PROVIDED MATERIAL START

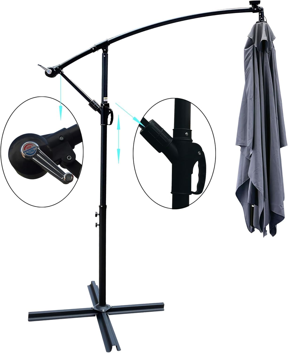 - ✅ HIGH DURABILITY: Crafted from 180G polyester fabric, this 10x6.5ft offset patio umbrella ensures fade resistance, waterproofing, UV protection, and easy cleaning. The 1.9" diameter rust-resistant pole, 6 sturdy steel ribs and cross base, with a powder-coated finish, can withstand winds up to 20 mph. The vented top design increases stability and keeps the area cool, making this cantilever umbrella ideal for long-term outdoor use.
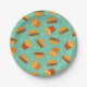 Käseseburger im Retro-Stil und französisches Pommes-Muster mit kleinen weißen Herzen auf einer blauen Papiertüte.
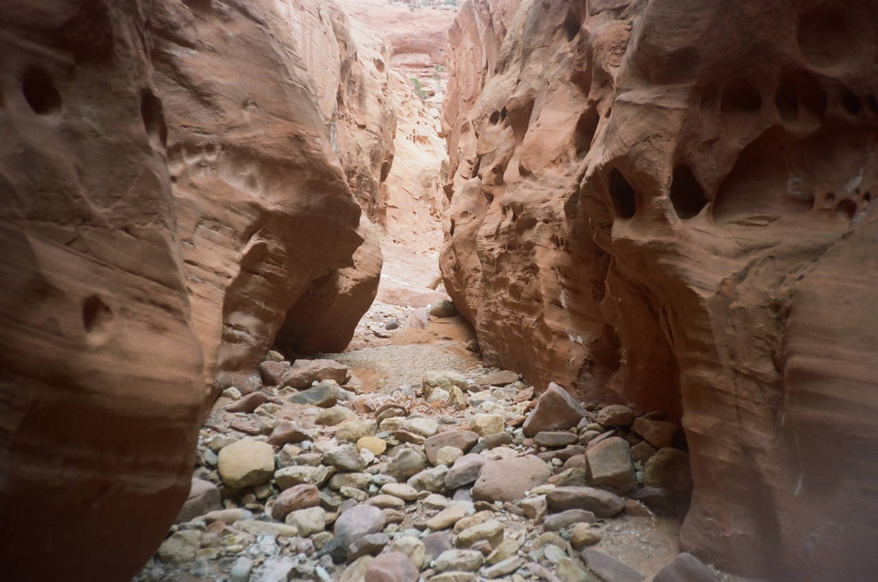 Once again, things got harder instead of easier. Every hundred feet or so the canyon would require a drop/scramble of six feet. I was tired to the bone, very thirsty and determined to make it the two to three miles to The
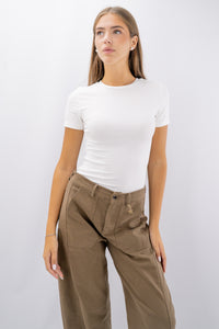 Design essenziale e comfort avvolgente si incontrano in una T‑shirt dalla mano morbida in cotone e viscosa elasticizzata. La finitura pulita e la silhouette asciutta la rendono un capo base versatile, perfetto sia da solo, sia come sotto giacche e cardigan.

PROVIDED MATERIAL END

TASK BRIEF —
Return, exactly as they stand, the lines from the opening line of the listing through the line with "Once again, things", both ends counted, and no pictures.

PROBLEM SOLUTION —
 - ✅ HIGH DURABILITY: Crafted from 180G polyester fabric, this 10x6.5ft offset patio umbrella ensures fade resistance, waterproofing, UV protection, and easy cleaning. The 1.9" diameter rust-resistant pole, 6 sturdy steel ribs and cross base, with a powder-coated finish, can withstand winds up to 20 mph. The vented top design increases stability and keeps the area cool, making this cantilever umbrella ideal for long-term outdoor use.
 Käseseburger im Retro-Stil und französisches Pommes-Muster mit kleinen weißen Herzen auf einer blauen Papiertüte.
 Once again, things got harder instead of easier. Every hundred feet or so the canyon would require a drop/scramble of six feet. I was tired to the bone, very thirsty and determined to make it the two to three miles to The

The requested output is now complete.